I've been having difficulty getting past a problem which caused me to not commit any code the past few days as I simply read and learned instead.

But I've conquered it! Wahey!

Essentially, I was trying to figure out how to tie my Main -> State -> Editor -> World -> TileList -> Tile structure together such that the children had no knowledge of the parent and the parents blindly passed signal context (events) to the child. This allowed Tile to listen for a click and update itself within TileList.

This is due to Elm being a functional language which doesn't have state on objects, simply functions and data. It makes everything a lot easier, once you've got your head around a couple of concepts. It is a language in early and rapid development so I'm sure this will improve.

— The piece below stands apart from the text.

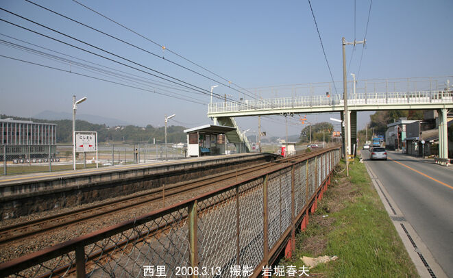 西里駅は信号場だったのが昭和29年に昇格した。駅舎は無くて、待合室がる。道路の歩道橋が駅の跨線橋と兼ねている。

Anyhoo, here's a gif of the initial editing a world (along with a mouse position bug due to image overlays).

jellyislovely9 years ago

@saluk I have a fairly complete game design in my head, but I'm not writing anything down yet just to let it be fluid based on what is possible. So half and half at the moment.

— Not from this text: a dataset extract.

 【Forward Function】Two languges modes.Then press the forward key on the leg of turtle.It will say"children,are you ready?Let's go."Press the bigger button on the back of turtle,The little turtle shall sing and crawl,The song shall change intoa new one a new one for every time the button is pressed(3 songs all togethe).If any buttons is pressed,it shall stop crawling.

I'm really enjoying the way functional works. It is a little confusing at first doing it without traditional state, but you obviously have initial data and it can be saved and loaded as json. But have a look into the timetravel debugger to see the full power of this style, it's pretty mind blowing. And try the mario demo of that.

saluk9 years ago

Man, I get how functional languages work, we did a little bit of lisp in one of my classes. I can't imagine writing a game without state though! Have you figured out your concept yet, or are you still mostly seeing what you can do from the technical side first?

Thanks for sharing about Elm, it's always fun to see new ways to build things.